The argument, in essence, is that a rule which appears neutral on its face — submit a geographic list or your party does not appear on that region’s ballot — operates in practice as a structural barrier that systematically disadvantages voters in smaller, predominantly Indigenous and hinterland communities.
There are at least three things wrong with the Attorney General’s conduct here, independent of the merits.
First, the chilling effect is real — and it appears to be the point. When the nation’s chief law officer publicly names a private citizen, describes her legal filing as an abuse of process, and warns that costs will be pursued, the message to every Guyanese contemplating a constitutional challenge is unmistakable: the State will come for you. The CCJ has not yet heard the matter. It should be noted that the costs are also part of the appeal to the CCJ and the CCJ could reverse the cost order even if it rules against Fisher on the merits. Yet the AG speaks as though the outcome is foregone and the punishment already in motion. This is not the conduct of a state confident in its arguments.
Second, the argument against FGM’s leadership proves too much. Nandlall argues that because Amanza Walton-Desir — a lawyer herself — is not appearing as counsel in the matter, she is using Ms. Fisher as a shield. This may or may not be true. But it has no legal relevance. Citizens are not required to be wealthy, professionally credentialed, or politically prominent to access the courts. If the AG believes there is improper conduct in how the litigation was organized or funded, there are professional and legal mechanisms to raise that concern. Denouncing the plaintiff on television is not among them.
Third, and most importantly: the CCJ exists for a reason. Guyana acceded to the CCJ’s appellate jurisdiction precisely because it was recognized that lower courts, however competent, are not the final word on constitutional questions. Two lower courts ruling against a party does not make the appeal an abuse of process. It makes it an appeal. The submissions before the CCJ raise questions about jurisdictional characterisation, the substance of the right to vote, and the structural impact of ROPA on hinterland communities — questions that warrant the Court’s considered attention, whatever the ultimate answer.
When the nation’s chief law officer publicly names a private citizen, describes her legal filing as an abuse of process, and warns that costs will be pursued, the message to every Guyanese contemplating a constitutional challenge is unmistakable: the State will come for you.

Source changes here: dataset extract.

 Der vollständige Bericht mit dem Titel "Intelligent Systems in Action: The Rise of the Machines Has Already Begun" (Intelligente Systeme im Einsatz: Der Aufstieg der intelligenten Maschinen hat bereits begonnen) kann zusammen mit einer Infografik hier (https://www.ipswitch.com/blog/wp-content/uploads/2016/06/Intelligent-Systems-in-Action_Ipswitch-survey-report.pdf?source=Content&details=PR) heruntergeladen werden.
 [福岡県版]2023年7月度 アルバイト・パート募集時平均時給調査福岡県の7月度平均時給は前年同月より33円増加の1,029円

What we are witnessing is a familiar pattern in Guyanese political culture: the State defeating its opponent in court, then using the moral authority of that victory to delegitimize not just the case, but the right to have brought it. That pattern is corrosive. It teaches ordinary Guyanese — schoolteachers in Paramakatoi, market vendors in Bourda, cane cutters in Berbice — that the courts are a theater of power, not a forum of right.

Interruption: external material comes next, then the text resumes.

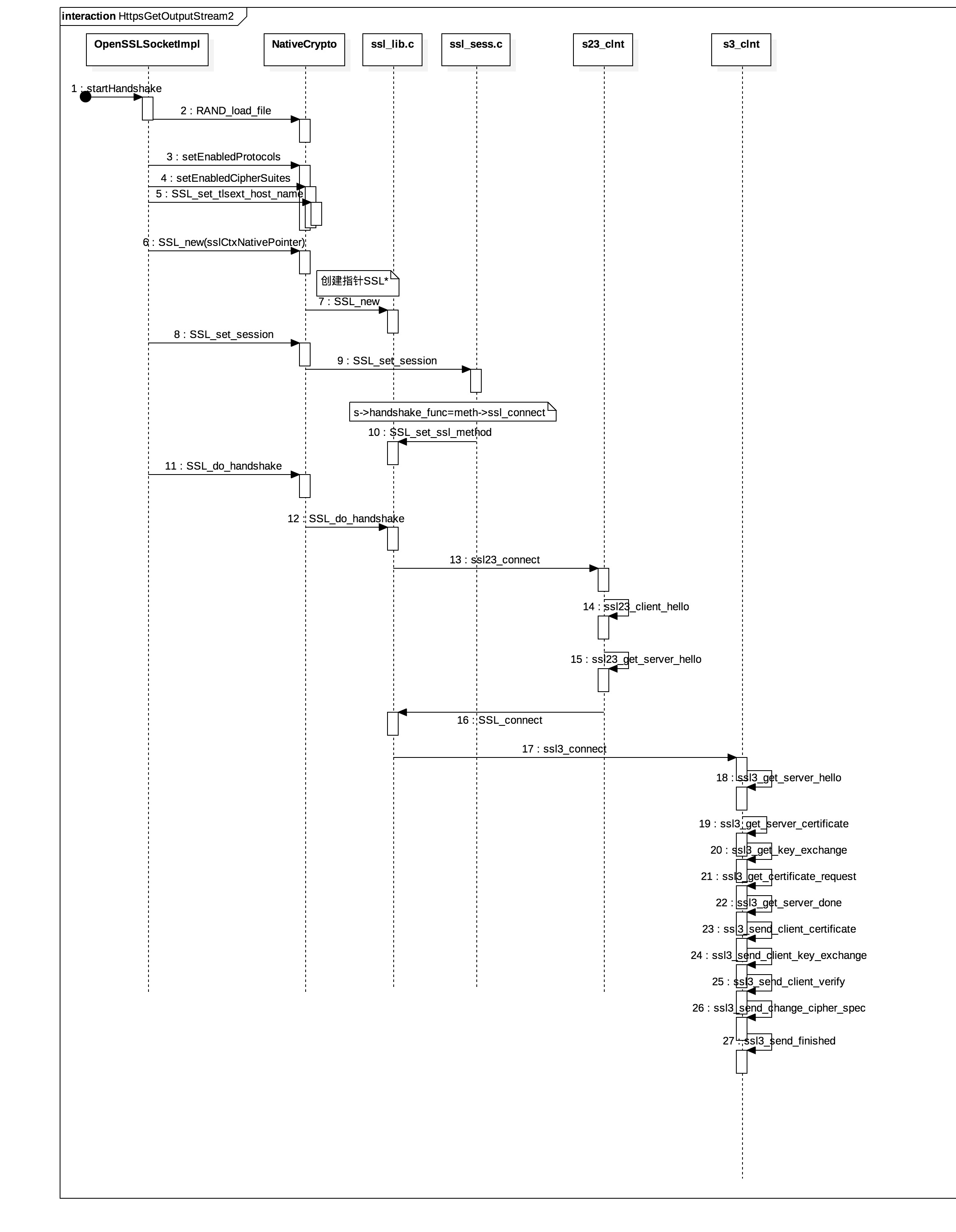 相较于HTTP的getOutputStream(),这一部分多了个TLS/SSL的握手部分,然后再加上这里涉及到了另外三方开源库OpenSSL的实现,这里至少需要分成三部分来讲解。为了讲解不过于复杂,先来看前两部分:

The constitutional question at the heart of this case is not small: whether a citizen in Region 8 has the same effective right to vote as a citizen in Region 4. That question deserves an answer. If the answer is yes — if ROPA as written and applied is constitutionally sound — then let the CCJ say so, and let the matter rest. But the answer should come from the court, not from a ministerial broadcast designed to make the price of asking the question too high to pay.
The courthouse door must remain open. The cost of closing it — even by intimidation — is higher than any legal bill.
The constitutional question at the heart of this case is not small: whether a citizen in Region 8 has the same effective right to vote as a citizen in Region 4. That question deserves an answer.